Тут сразу же возникает вопрос: если нужно «учитывать реальность», значит — нужно меняться? Но можно ли сегодня меняться, не изменяя и не предавая? В современной русской культуре сложилась такая ситуация, что мы те чувства, которые можно назвать религиозными, по-прежнему переносим на культуру и требуем к ней такого же отношения, какое уместно лишь по отношению к Православию. И это понятно. Но если тогда, в 70-е годы, потребность в вере удовлетворялась «святостью русской культуры» и «сверххудожественными» качествами слова, то сейчас, когда есть культура и есть Церковь, боязнь свежего воздуха и настежь открытых дверей опасна для самой культуры. Поэтому и заметен разрыв: наши эстетические критерии и этические установки — одно, реальность литературной жизни — другое, а реальность, отраженная в нашем же сознании и бедной голове современников — третье. «Ни Зверя скипетр нести не смея, ни иго легкое Христа!» — вот характеристика ситуации томления в современном русском сознании.

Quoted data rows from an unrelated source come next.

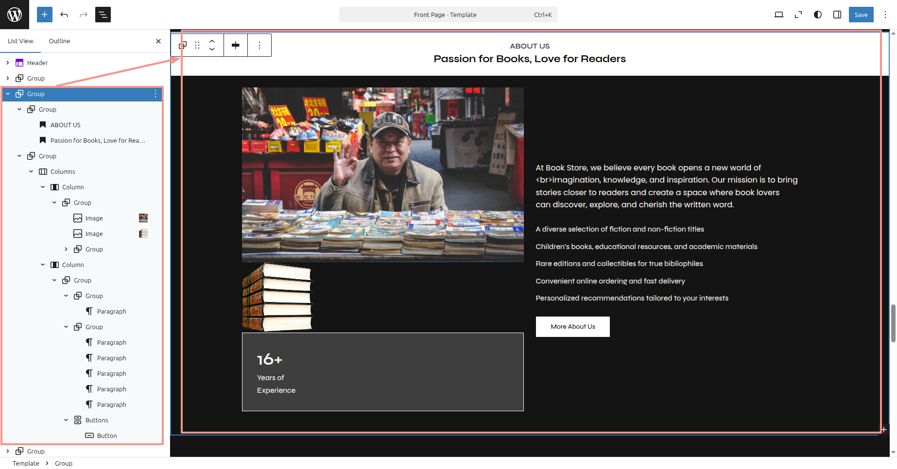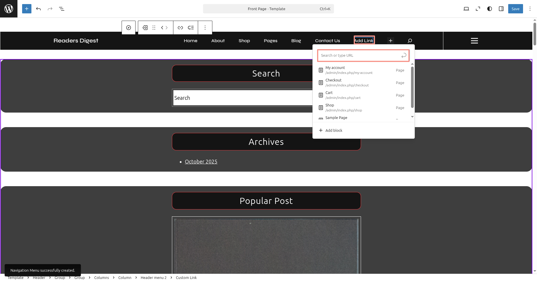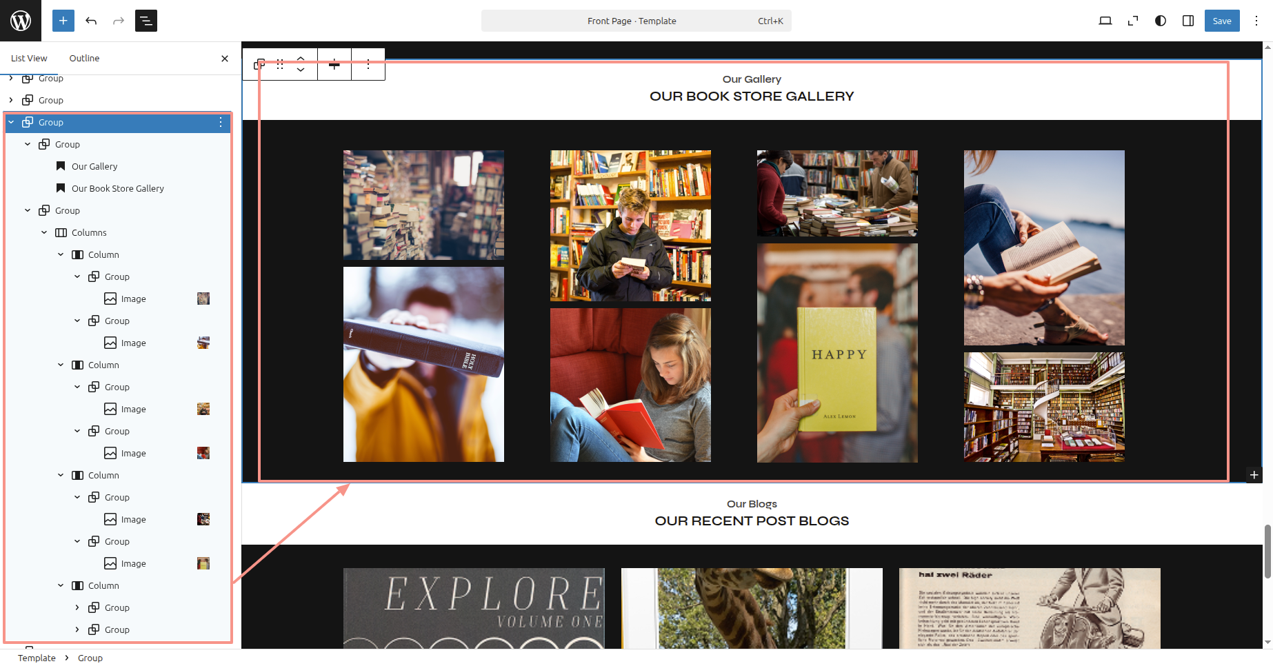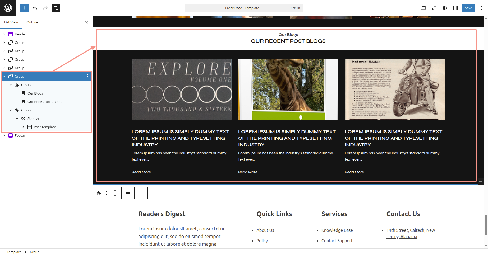 After the sidebar opens, choose "Readers Digest" from the dropdown menu. Every theme pattern available for usage on every page.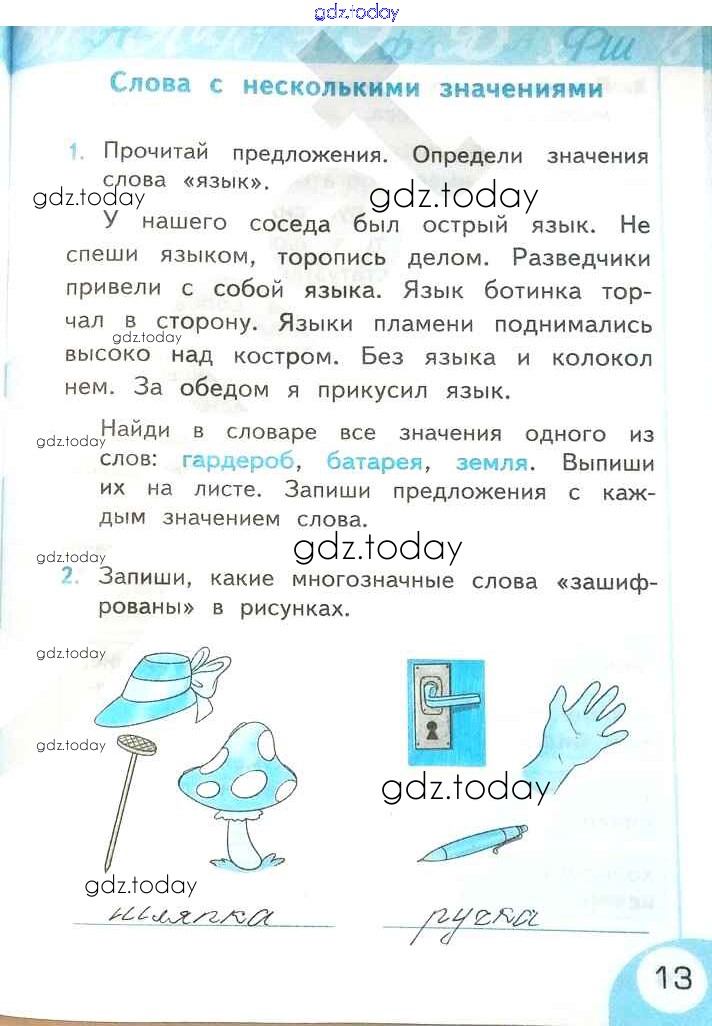 На страницах сайта gdz.today вы найдете учебный и вспомогательный материал, направленный на улучшения знаний школьной программы. ГДЗ - онлайн мир знаний Решение к части 2. Страницы 13 Рабочей тетради по Русскому языку для 2 класса Тихомирова Экзамен УМК 2019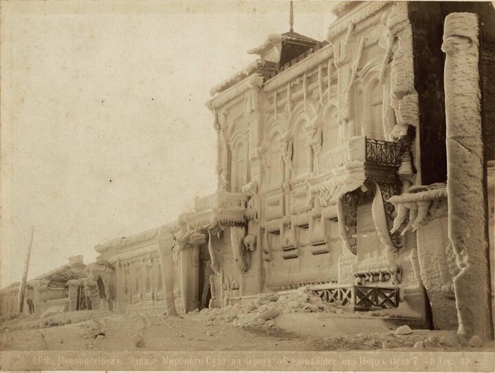 ‘С каждым днем бора становился свирепее. Уже были повалены почти все телеграфные и телефонные столбы, сорваны крыши, теперь леденел город, покрывались толщей льда ближняя к бухте постройки, представляя собой цепь домов, но какой фантастической, причудливой архитектуры! Это не были безвкусныя нелепые здания новороссийских жилищ и контор, нет — это были фантастические дворцы, сверкающие ярко на солнце! Какие-то волшебные удивительные дворцы, из которых ни выйти, ни взойдти невозможно: двери, окна все было обложено льдом, который по мере увеличения норд-оста, крепнул и рос.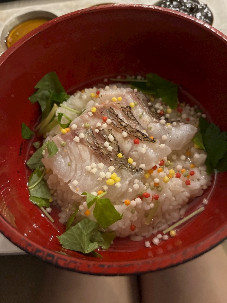 これは鯛茶漬けです、またポッピングシャワーかかっててかわいい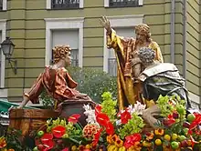 - Las escenas: Suelen ser grupos escultóricos y son llevados en carroza rodada. Representan momentos concretos de la Pasión como la Oración del Huerto o la Verónica.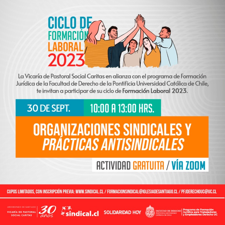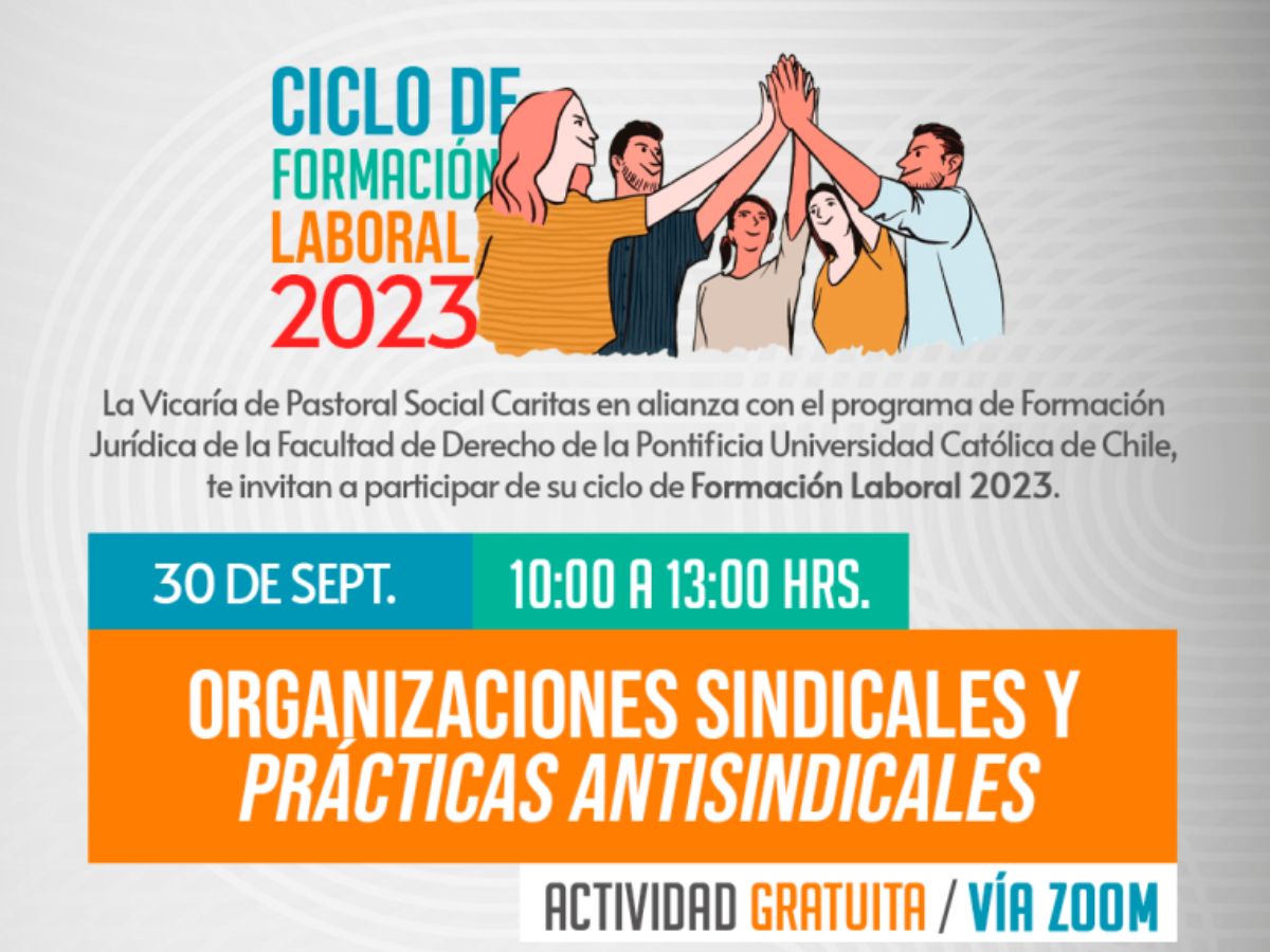 El Programa Diálogo Social de la Vicaría de Pastoral Social Cáritas, en alianza con el Programa de Formación Jurídica de la Facultad de Derecho de la Pontificia Universidad Católica de Chile, te invitan a participar de su Ciclo de Formación Laboral 2023. La charla es de carácter gratuito y cuenta con cupos limitados.

Хотя на самом деле изменение в литературе уже произошло. Расколотый «стиль 1990-х» заметен в русской прозе: куда же нам деть «подворотню» П. Паламарчука и смерть «ненужного героя» В. Посошкова, крайний нигилизм «Ночной охоты» Ю. Козлова и занудное нытье героя «Невольных каменщиков» М. Попова, страшные «нарывы» рассказов В. Дегтева и совсем нереальную игровую реальность В. Отрошенко. Куда «определить» исторический роман А. Сегеня и детектив о мафии А. Трапезникова, с их явной ставкой на увлекательное, остросюжетное чтение? Не разрушаем ли и мы свою же культуру, «пропуская» в ней вопросы, которые нас действительно волнуют? Не мы, а наши оппоненты констатировали, что «страна не прочитала» А. И. Солженицына. И это правда. И требовался ответ — почему не прочитала?
В культуре обязательна диалогическая ситуация — сегодня она утрачена всеми, в том числе и нашими оппонентами. Необходима свободная встреча «европы» и «азии». Необходимо признать, что воля к культуре парализована — культурный слой еще пишет и в парализованном состоянии, но другие (новые и старые) слои преимущественно испытывают тягу к примитивности. Мы призываем друг друга писать о хорошем, мы не хотим грязи в литературе, не хотим читать об ужасном и тяжелом. И эту нравственную установку можно понять. Только что же делать, если вся современная литература погружена в злую реальность и разница, по преимуществу, состоит в степени самоконтроля писателя? Кажется, что только в пространстве истории остались положительные смыслы литературы, восприятие которых не искажено сиюминутными человеческими бедами. Когда я вижу ребенка, просящего милостыню с плакатиком на груди «Хочу есть», — то, как и многие другие, перестаю понимать, зачем я занимаюсь литературой…
Связи культуры с внешним миром полностью изменились. Замечательная социокультурная ситуация советского времени полностью исчезла — культура больше не может ни воспитывать, ни спасать, ни быть школой нравственности, ни являться трибуной или кафедрой. Сердце человека (читателя) больше не является «местом встречи» общественного устремления (просвещать и вносить идеалы культуры) и писательской установки (быть прочитанным, понятым и, в результате, «оставить след в душе»). Культура как гуманное ядро человеческой жизни и имеющая гуманистические цели, кажется, больше невозможна. Мы все еще спорим о «направлениях», обсуждаем особенности литературного языка и с пристрастием вглядываемся в «мир идей» того или иного писателя. Мы ищем новых ценностных ориентиров или «вживаемся в традицию», а земля наша становится кладбищем радиоактивных отходов. Мы уже разделенная земля. Изощренное рабство — вот реальность нового тысячелетия. Тридцать миллионов русских, предусмотренных проектом «золотого миллиарда» вряд ли родят русского гения, в лучшем случае нам будет разрешено экзотическое этнографическое существование.